The Value of the Plan

One of those statements that agencies make so often they’ve come to believe it themselves is that clients won’t pay for media planning. This may be so, although it’s not my experience – after all can you blame clients for not wanting to pay for a skill the agencies themselves treat with such disdain.

Let’s take a really simple ‘Janet and John Do Media’ example. A media planner, working on a print plan decides for all sorts of good reasons that the optimum number of insertions per title is 5. He decides to recommend 5 titles, 5 insertions each, 25 insertions in total.

The planner presents his proposal to the client, and justifies the use of all 5 titles, as well as explaining why the magic number of insertions to achieve the client’s objectives is 5. It all makes sense to the client, who buys the plan and approves a budget of 100 units.

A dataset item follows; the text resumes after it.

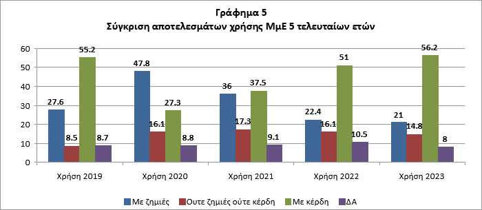 Με βάση τα ευρήματα της έρευνας για τα αποτελέσματα χρήσης των επιχειρήσεων το 2023 (κέρδη ή ζημίες) η κατάσταση παρουσιάζεται εμφανώς βελτιωμένη σε σχέση με τα προηγούμενα έτη και ιδιαίτερα εκείνα της υγειονομικής κρίσης. Όπως φαίνεται στο Γράφημα 5, το 56,2% των επιχειρήσεων δήλωσε ότι είχε κέρδη το 2023, έναντι του 21% που δήλωσε ζημίες και του 14,8% που δήλωσε πως δεν είχε ούτε ζημίες, ούτε κέρδη.

The planner passes the plan to the buyer to execute. The buyer does two things. First he decides that one of the selected titles doesn’t fit his agency’s deal criteria. So he changes the title for something broadly similar. He tells the planner of his decision (generally ‘tells’ as opposed to ‘asks’). Then he negotiates so efficiently that he delivers 6 insertions per title, 30 in total for the budget of 100 units.

The planner, if he’s doing his job correctly, tells the client that now that they’re in the market, negotiating the buys he proposes substituting one title not on the plan for a new title, even if he doesn’t necessarily explain the true reason why. In most cases the client will take the planner’s recommendation. Why wouldn’t he? The planner most likely won’t bother to reveal the increase from 5 insertions to 6 until after the event, at the post buy.

What’s happening in this example is the agency is a) acting in its own best interests by meeting its corporate deals; and b) spending to budget as opposed to buying the plan.

A savvy client might ask why, if 5 insertions per title is the optimum number as defined by the plan, his bought schedule finishes up with more. An even more savvy client might reasonably prefer to buy the carefully constructed and rationalised plan, and spend the money saved on that creative proposal made by the planner to conduct a piece of original research designed to learn something that can be applied to the next campaign.

In effect the difference between these two scenarios is buying to plan, and spending the savings to learn something, as opposed to spending the budget buying tons of stuff. It assumes that the planner has used his skills, and all the research at his disposal to propose the best recommendation to meet the client’s needs. Simply buying more is not necessarily the best use of the budget.

Of course in real life the agency will congratulate itself on a job well done; the media auditor will confirm that the deals have delivered value; and the marketing manager will tell his bosses that he’s managed his agency so effectively that they’ve delivered 30 insertions for the price of 25. He will also invent a dispute with the title dropped from the schedule, will tell everyone that they’ve stood up to a big bad media owner and have thus laid down a marker for the next time.

Where exactly in all of this is the plan? Why should the agency be paid for its planning input? Yes, this is a deliberately naïve and simplified example but the principles illustrate some of the problems bringing the agency business into such disrepute.